6w5, perhaps? I must admit that I would probably find it very difficult to type an Ennegram 6 myself. I only understand the description to the extent that I can observe those tendencies in myself with my 6 wing, but I have no idea how they would manifest in other people.
Oh. That. OK, small rant coming.
Well, ftr, I'm not a 6w5, unfortunately. No fucking way--I typed that way for over a year and tried to make myself see it (i.e., brainwashed myself)
literally 24/7.
I mean I literally ruminated through my entire life trying to interpret everything to fit that mould, I interpreted my every action as being 6-motivated...I was chronically ill during this time, so I had the time to do this...and in the end I just got really frustrated that the enneagram applied to EVERYONE else, except me. I just complained all the time about how everyone else was so privileged to have something that helps them, whereas I was weirdly deprived of Enneahelp. I became extremely bitter, took it out on myself by telling myself I just "couldn't admit it", feeling depressed that I was such an idiot I couldn't even see it, and ended up digging myself into a completely unnecessary psychological hole. I wound up claiming that I was the "special" 6 who just was completely unlike the others, meanwhile hating the fact that Type 6 did nothing to explain "who I really am". (Can you see where I'm going with this? LOL)
I took a year to brainwash myself into seeing it, and I still haven't been able to make myself see it. But, believe me, when I first started online, it made a lot of sense (so I see your perspective here). I'm not necessarily the model of what people think of when they think "4w5". I didn't really think I was one type or the other "enough" to be anything else other than 6, plus I've got that outward-inward energy flow,
plus I'm contradictory as fuck. If I were a 6 that would make everything so much easier for me, but the motivations, mindset, and life story just don't check out.
Having read a number of credible authors by now and interviewing my 6w5 father, I'm eminently certain I'm not a core 6 (though it is certainly my head-fix!).
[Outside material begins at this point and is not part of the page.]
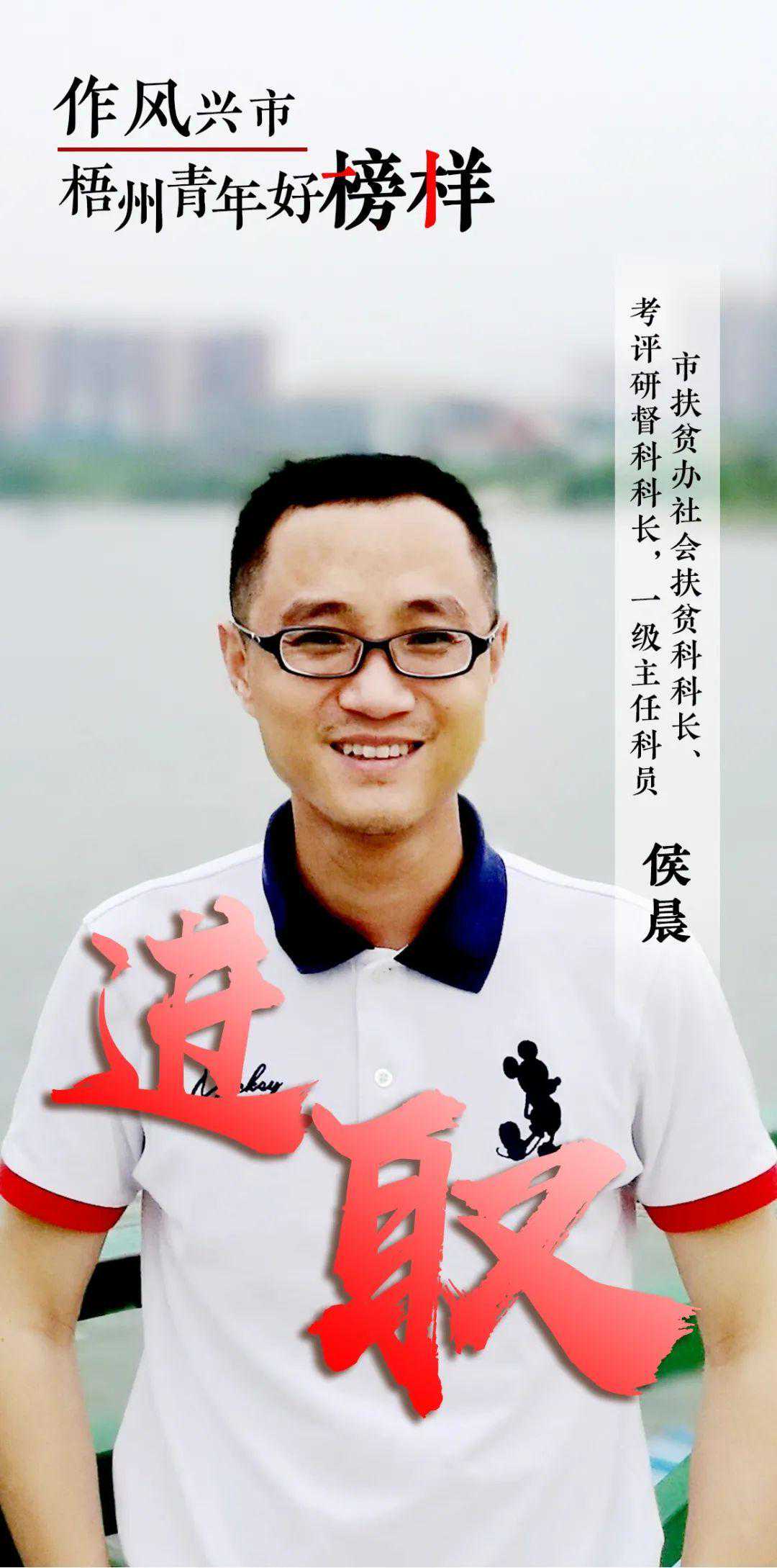 侯晨,男,汉族,1986年8月出生,中共党员,大学学历,市扶贫办社会扶贫科科长、考评研督科科长,一级主任科员。他恪尽职守,心系群众,是脱贫攻坚战场的“排头兵”。他有7年的扶贫工作经历,尽心尽力的奉献,成长为一名脱贫攻坚工作的“多面手”。他注重发挥考评研督和社会扶贫、行业扶贫助推脱贫攻坚作用,建立起全市扶贫成效考核体系和督查、协调、通报3项制度,组织完成对全市4个贫困县267个贫困村脱贫摘帽初审及公告退出,并创新思路组织193个定点帮扶单位开展“一帮一联”工作。在全市策划开展了消费扶贫、百企扶百村、脱贫感党恩奋进新起点等系列活动。协调建成消费扶贫专区24个、专馆13个,组织171家供应商338个特色农产品获得国务院扶贫办扶贫产品认证。协调自治区级以上媒体宣传报道全市脱贫攻坚620篇次,讲好梧州脱贫故事。

I doubt 3s are the only ennegram type to be superficial. 5's do this too, if they are overly self-conscious abut the stigma of being a 5.
Yeah. I don't think they
are superficial. They use outward standards of success to validate their individual worth, which sometimes isn't what they really want to be doing. But that doesn't make anyone "superficial". Heck, 7s are sometimes called "superficial" even in standard literature, and 9s can be "surface" people themselves. And I've seen 1s that emphasize form over content. We'd have to define precisely what is meant by "superficial" in order to really determine which type fulfills that most, and even then, probably each type has its own version of it.
I do think there is something about a 4 that likes disguises and smoke-screens. This is why I associate them with hipsters. A lot of unhealthy 4s do seem to want to appear "impossible to classify" and the chief vehicle for doing this is by being deliberately confusing. An example of this would be someone who refuses to be called an "anarchist" but is instead a "horizontalist", and cannot articulate how that is different. I think someone like that is probably 4 (and also, a hipster!) Not because of the political philosophy itself, but because of aiming for obscurity over clarity or external results. The goal is not to understand the world, or really to affect change, but to seem distinct from others. (Though some of that probably has roots in postmodernism. )
It's harmless enough, I suppose, but once I started to suspect that it was merely a surface game, I began to find it a little irritating. It does conflict directly with the 5 desire of understanding the world.
I don't think of 4s as hipsters for being "joiners" or anything like that. I think of 4s as hipsters by being bothered by someone being a "joiner".... the identity they adopt is meant to set them apart, so they don't like too many people adopting that identity. Which is where the reinvention and re-labeling comes in.
I dunno about that last paragraph, but I am definitely guilty of the whole "I AM DIFFERENT AND UNCLASSIFIABLE" thing. It's at it's worst when someone tries to dictate what I am to me or what I can and can't do (for example, female gender roles, Americans, type 6). I think it IS a surface game, since clearly those are just outward markers of identity rather than anything deeper, but at the same time, it's often just a game. And to be fair to 4s, some of that is a game in response to outward things, but some of it is genuine, in response to a desire to be true to oneself and follow one's own way. Halfway between the outward achievements of the 3 and the deeper understanding of the 5.
Anyway, I'm trying to be objective with this post and not overly critical, so if I offended anyone, I apologize. I'm just stating the way I tend to feel about it.
I think of 3s more as over-achievers with lots of ambition. They want to be the best, to be champions, so to speak, seeking the approval and admiration of others. 3w4s might end up looking like "joiners" or "scenesters" to a 4 though, but it's motivated by approval from others, not really by an urge to be "different".
Speaking for myself, it would seem more like they'd "sold out" for approval. I don't tend to look at others as "joiners", more just the people who "get it" versus the "shallow people who don't". But I'm just one 4.
Thanks for the interesting conversation, btw.